Flow cytometry. Single cell suspensions obtained from lamina propria, Peyer's patch, and IEL compartments were incubated in ice-cold FACS buffer (phosphate-buffered saline, 1% bovine serum albumin, 0.01% NaN3) containing 10% normal mouse serum to block Fc receptor binding (30 min, 4 °C). Cells were pelleted by centrifugation and resuspended in optimal concentrations of fluorochrome-conjugated antibodies in ice-cold FACS buffer to stain surface molecules. The antibodies used in this study were anti-TCR-γδ, anti-CD3, anti-CD4, anti-CD8, anti-CD11c, and anti-EpCAM conjugated to fluorescein isothyocyanate; anti-CD62L, anti-CCR5, anti-CCR7, and anti-CD45.1 conjugated to phycoerythrin; anti-TCR-αβ, anti-CD69, and anti-CD25 conjugated to PerCP; and anti-CD11c and anti-CD44 conjugated to allophycocyanin. Antibodies were purchased from either Biolegend (San Diego, CA) or eBioscience (San Diego, CA). CCR2 was detected using rat anti-mouse CCR2 (clone MC-21) followed by anti-rat AF488 secondary antibody (Invitrogen) before staining with other antibodies. Antibodies were incubated with cells for 30 min at 4 °C. After washing, at least 50,000 cells per sample were collected for analysis on a BD FACSCalibur flow cytometer. Data analysis was performed using FlowJo software (Ashland, OR).

Adoptive transfer. A total of 5 × 106 IELs recovered from day 4-infected mice were transferred into infected CCR2−/− recipents by intravenous retro-orbital injection under anesthesia. On day 9 post-infection, intestines were removed and fixed in 10% neutral-buffered formaldehyde. Some paraffin-embedded tissue sections were stained with hematoxylin and eosin and examined for pathological changes, and others were subjected to FISH. In some experiments, whole IELs isolated from day 4-infected WT mice were incubated with anti-CD11c beads (Miltenyi Biotec, Auburn, CA) according to the manufacturer's instructions. Cells were separated into CD11c+ and CD11c subpopulations using an AutoMacs separator (Miltenyi Biotec). Aliquots of the unseparated population as well as the IEL subsets were stained with CD11c and CD103, and analyzed by flow cytometry to evaluate the efficiency of the magnetic separation. A total of 2 × 106 IELs of each subset were transferred into day 4-infected CCR2−/− mice. Ilea were collected 5 days after adoptive transfer, formalin fixed, and processed for histological evaluation.

Fluorescence in situ hybridization. Fluorescence in situ hybridization was performed as previously described.8 Paraffin-embedded sections were de-paraffinized and rehydrated by serial immersion in xylene and graded alcohols, then in finally water. Sections were incubated with FISH probes (EUB338, or non-EUB338) labeled on the 5′ end with either FITC (fluorescein isothiocyanate) or Cy3 (Integrated DNA Technologies, Coralville, IA) at 5 μg ml−1 in hybridization buffer (42 °C, 14 h). Sections were washed in hybridization buffer to remove un-bound probe, rinsed in sterile water, air-dried, and mounted with Prolong Antifade Gold (Molecular Probes, Carlsbad, CA). Images were collected with a BX51 microscope (Olympus, Center Valley, PA), equipped with a DP70 camera using DP Controller Software (version 1.1.1.65; Olympus), and DP Manager software (version 1.1.1.71; Olympus).

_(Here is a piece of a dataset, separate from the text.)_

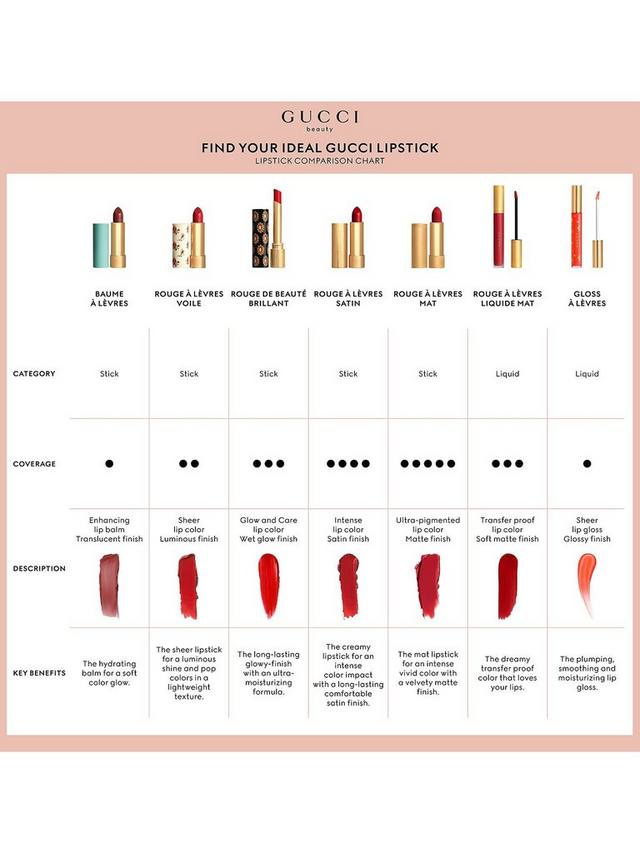Помада Rouge à Lèvres Matte дарит губам яркий и насыщенный цвет, дарит ощущение мягкости и бархатистости, а её текстура шёлковая и комфортная, не пересушивая губы и не размазываясь. Палитра коллекции включает насыщенные нюдовые, оранжевые и розовые, красные, фиолетовые и величественный зеленый оттенки, вдохновленные особым тоном, который можно увидеть в нарядах Алессандро Микеле, представленных на подиуме.

Pathology scoring. Pathology was scored between 0 (not apparent) and 4 (severe) for 5 criteria. These were villus fusion/blunting, lamina propria inflammation, sloughing of epithelial tips, necrosis of villus tips, and transmural inflammation.42 Individual mice were assigned a cumulative score out of a maximum of 20. Data were graphed with each point representing an individual mouse and the bar as the mean of each group.

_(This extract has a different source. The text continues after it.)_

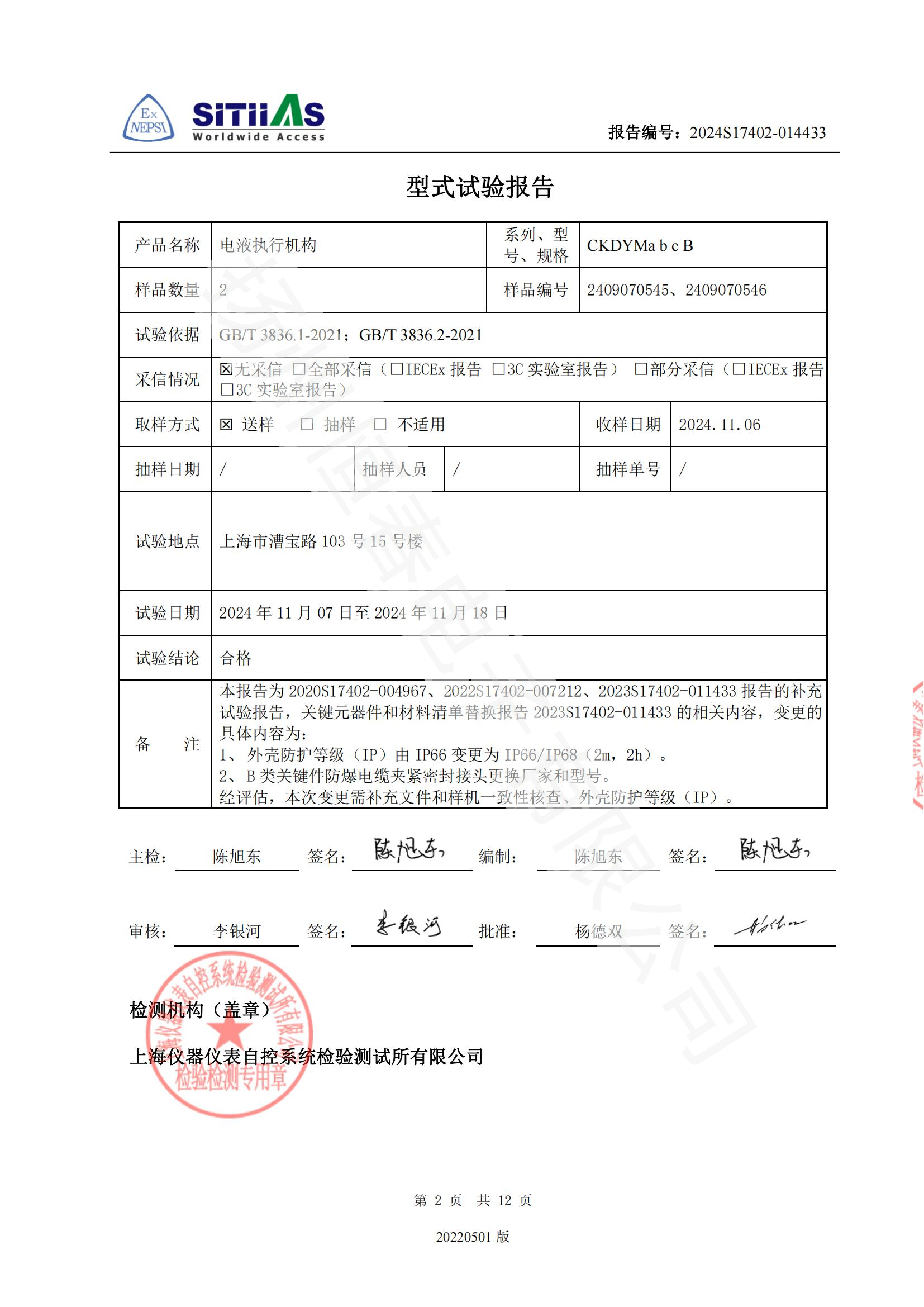 上一篇 2019S17402-000005 防爆控制箱3C型式试验报告

Statistical analyses. Student's t-test was used to analyze statistical differences between groups. Values for P<0.05 were considered significant. All experiments were repeated a minimum of three times. Pathology scores were assessed for significance using one-way ANOVA (analysis of variance) test.

Disclosure

The authors declare no conflict of interest.